The coming of age of cognitive computing and data science
By : Amit Meher
Senior Manager - Data Sciences
Industrial Conference of Data Mining (ICDM) and International Conference of Machine Learning and Data Mining (MLDM) are two established conferences in the field of Data Mining and Machine Learning. The conference proceedings are published by Springer, one of the most reputed international publishing houses.
While ICDM is more inclined towards application of data mining and machine learning to solve real world business problems, MLDM attracts researchers from both Industries and academia for discussions on theoretical and practical data science. This year, both the conferences were co-located at Newark, New Jersey and Flytxt presented a research paper at each of these conferences.
Industrial Conference of Data Mining (ICDM)
A handful of the papers presented in ICDM were pertinent to industrial applications in domains like retail, transportation, semiconductor and healthcare. Natural Language Processing, Association Rule Mining, Multivariate Time Series Analysis, Large Scale Classification, Sub graph Pattern Mining were key themes of presentations at this year’s conference.
Paper presentation at ICDM 2017
The paper titled “Towards a Large Scale Practical Churn Model in Prepaid Mobile Markets” presented at ICDM focuses on building a scalable prediction model to predict subscribers who are likely to churn in the near future. Here churn refers to the revenue churn (or inactivity based churn) where a subscriber stops consuming the network services (voice, data, SMS) for a period of 15 consecutive days. It emphasises practical aspects of model development such as data extraction, feature engineering, dimensionality reduction, model evaluation, distributed training and prediction and demonstrates an end to end modelling considering a real world dataset of 5 million active subscribers form a renowned Asian CSP.
Apart from these, the paper also provides insights on how the model output (in the form of actionable lift chart) can help marketers in designing appropriate retention campaigns. At the end, it touches upon the productionalisation aspects of the model where model can run seamlessly as an end-to-end workflow in the production environment. The paper can be read here.
AI: Deep Learning and Cognitive Computing to be the way forward?
One of the key highlights of the conference was an open discussion where we discussed and brainstormed about the current and future scope of AI and how “Deep Learning” and “Cognitive Computing” are going to shape up our future. It was interesting to know from the practitioners about their general skepticism towards deep learning a couple of decades back, when data was scant even to train a simple feed forward neural network. However now deep learning has transformed the landscape of analytics with abundance of data and sophistication of techniques available to train data for solving even the most complex problems.
One of the core issues of deep learning – “interpretability” was given much attention during the discussion. Other issues like need for large training set, longer training time, and actionability-vs-accuracy trade off were also highlighted. Apart of these, few open ended questions were also debated upon as follows:
- Will AI be ever have the motivation as human being have?
- Will AI ever ask relevant questions it does not know answer to?

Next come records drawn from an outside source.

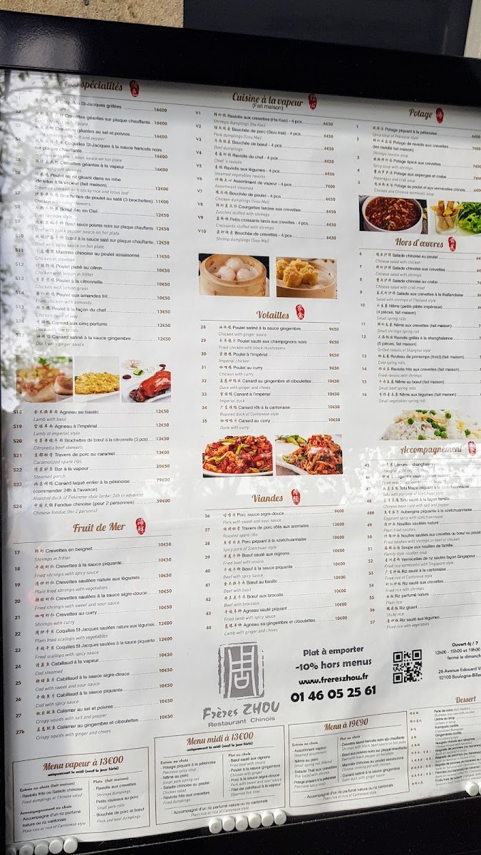 Frères Zhou Menu
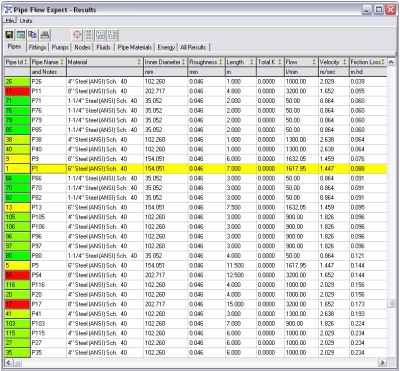 结果网格中的所有数据均可通过单击鼠标即时导出至Microsoft Excel。这使客户能够自定义结果数据和定制报告格式,同时还能利用Excel数学函数对数值范围进行运算,例如计算管道组的总摩擦损失或能量损失。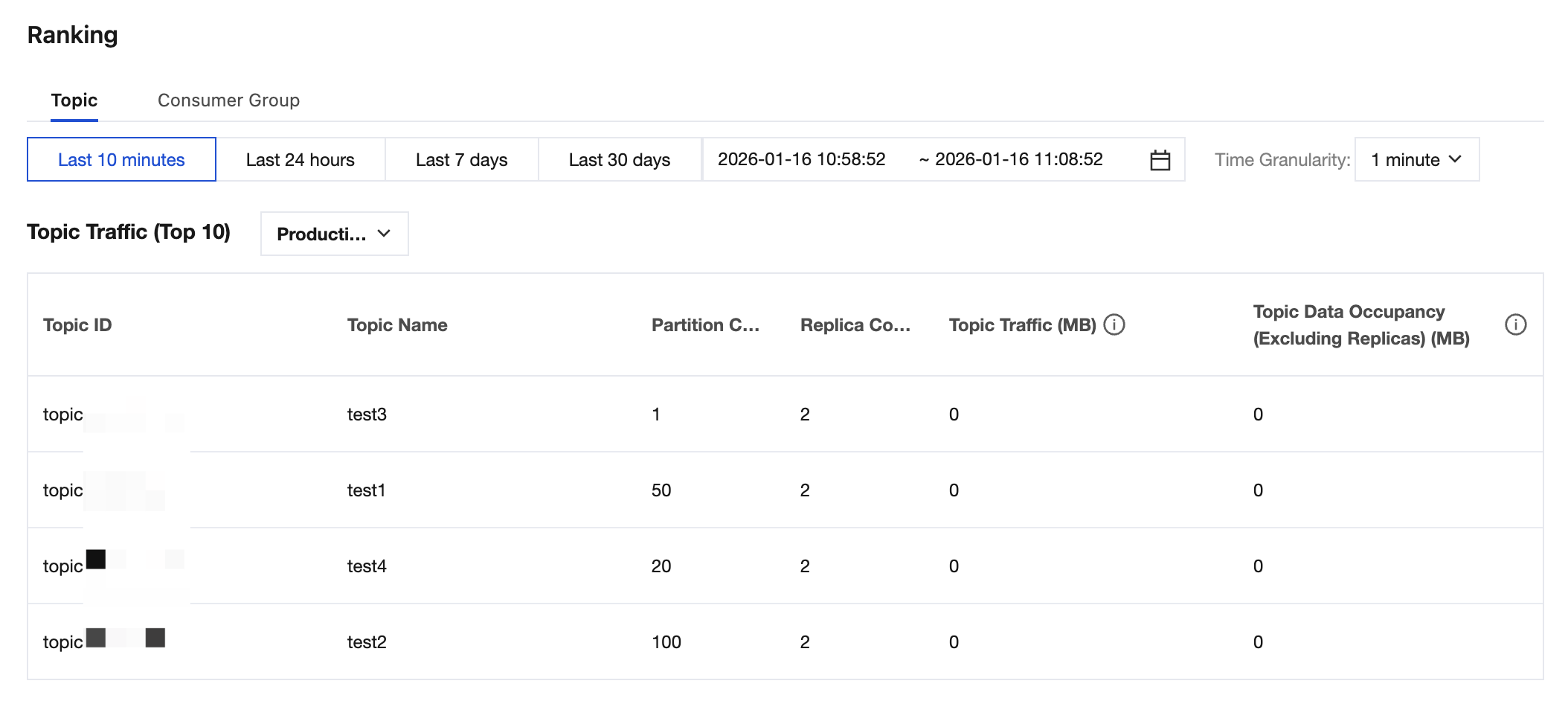 partition produce flow | MB | Actual production traffic of a partition (excluding the traffic generated by replicas). It is summed according to the selected time granularity. |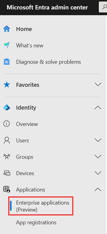 Go to Microsoft Entra Admin Center > Applications > Enterprise Applications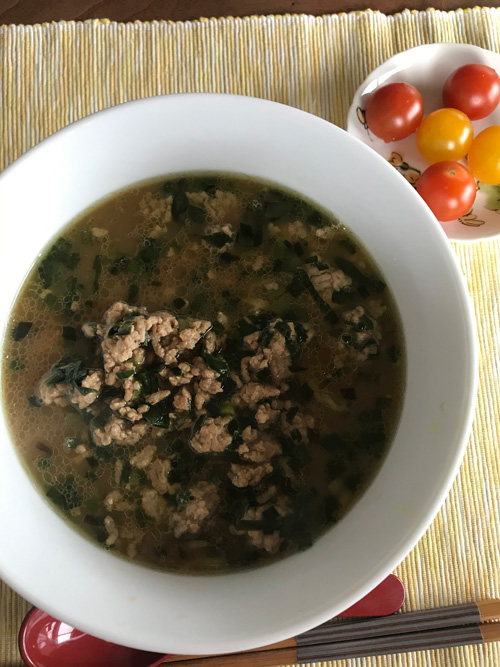 先日買い出しに行った夫が、ラーメンの生麺と、旭川ラーメンのスープを買ってきました。とにかくラーメンを食べたいのだそう。刻んだニラと豚ひき肉を炒めて、スープを入れて煮込み、別途茹でて湯切りした麺と合わせて作ってくれました。休日でないと彼にはお昼を作る余裕がないので、こういう週末もありがたい。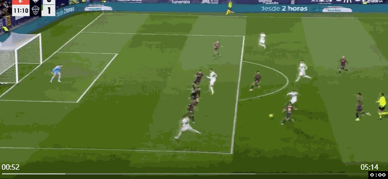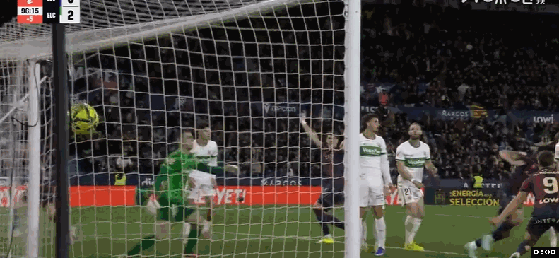 之后兩隊一頓悶戰,直到尾聲階段再迎來高潮,第82分鐘,埃爾切左路快速反擊,瓦萊拉突到禁區邊上兜傳禁區中路,曼特孔點球點右側搶點頭球擺渡做球,博亞爾搶到第2落點凌空倒掛金鉤,皮球應聲入網,埃爾切2:2扳平比分。然而埃爾切并未能搶到1分,補時最后1分鐘,萊萬特右側角球機會,奧拉薩加斯蒂操刀主罰兜傳門前,馬圖羅人群中高高躍起搶點強力頭槌攻門,皮球直入網窩,萊萬特3:2壓哨絕殺埃爾切。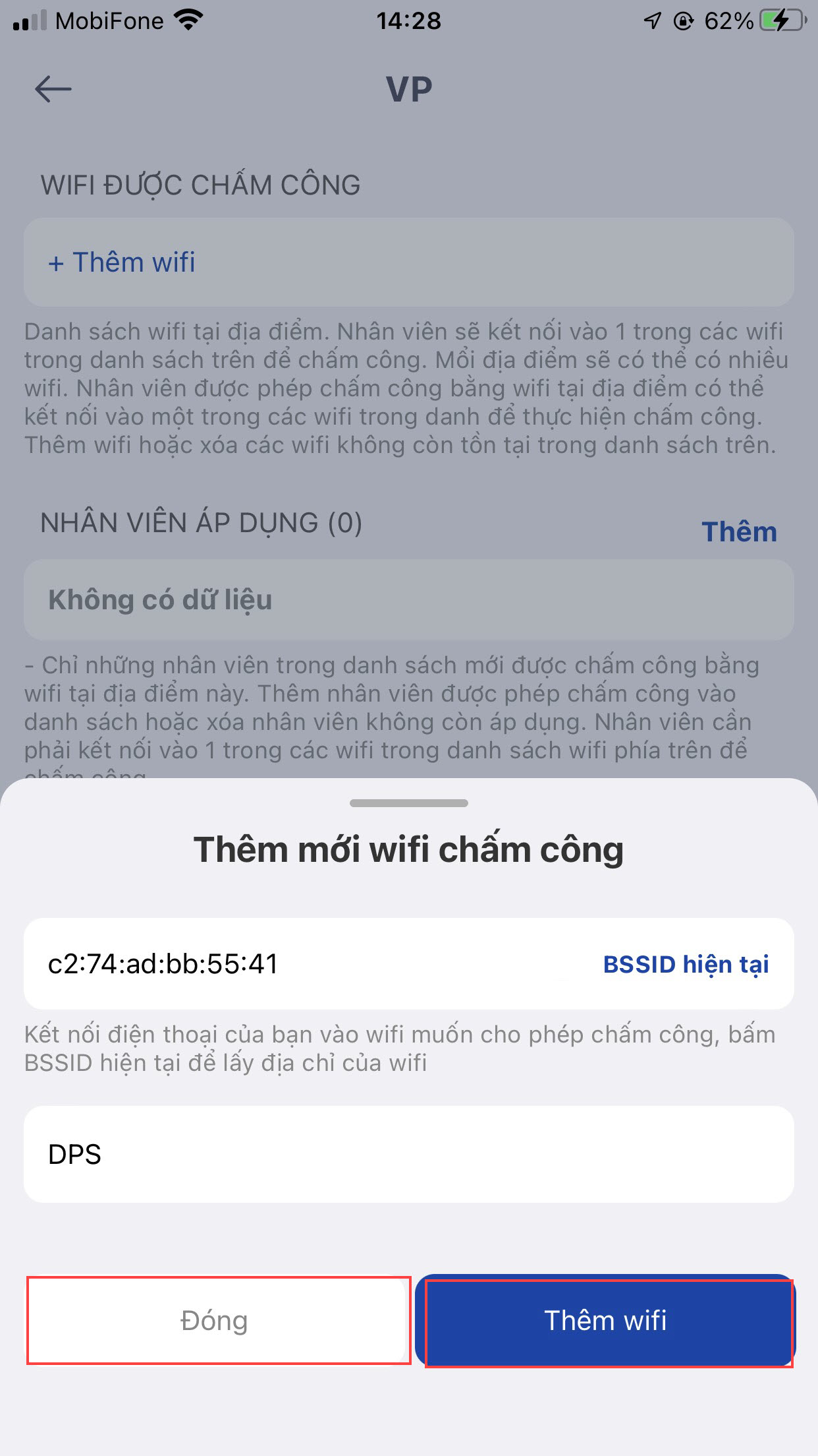 Bước 9: Tương tự phần 1. Thiết lập chấm công bằng wifi >> Bước 9

- Will AI help in hypothesis generation rather than hypothesis validation based on a given context?
MLDM 2017
Unlike ICDM, MLDM was a bit more theoretical in nature along with a few industry use cases utilising machine learning techniques. Some of the key themes of this conference were optimisation in large scale machine learning, deep learning in computer vision, anomaly detection and sequential pattern mining.
Paper presentation at MLDM 2017
The paper titled ‘High Accuracy Predictive Modelling for Customer Churn Prediction in Telecom Industry’ was presented at MLDM. This paper was an extension of the first paper where efficacy of applying deep learning techniques on telecom dataset was analysed with respect to other standard linear and nonlinear machine learning techniques. The paper can be read here. Read more about this paper here.
An Interesting guest lecture at MLDM
On the Computer Vision front, there was an interesting talk by Professor Petia Radeva from the University of Barcelona, who discussed how nutritional habits (food intake behaviour) of users can be learned automatically via a deep learning framework, which could be helpful in efficient monitoring of medical conditions such as diabetes, obesity etc. A novel and fast approach based on Convolution Neural Network (CNN) was proposed for detecting and recognising food in conventional (pictures taken manually by mobile phones and other cameras) as well as egocentric images (pictures taken automatically by a wearable camera).
Professor Petia discussed about a novel food-related objects localisation algorithm, which can classify an image into food type or non-food type category, and discover bounding boxes containing generic food in a single image. She also discussed about a food recognition algorithm which can learn to recognise the type of food present in an image.
Interaction with practitioners and professors
It was an enriching experience when we got a chance to meet people from industry bigwigs like Intel, General Motors, and VMWare and to know about problems they are trying to solve using data science. It was also great to meet professors from reputed universities like the National University of Singapore and Indiana University of Pennsylvania and know their research areas.
Overall, it was a great learning experience.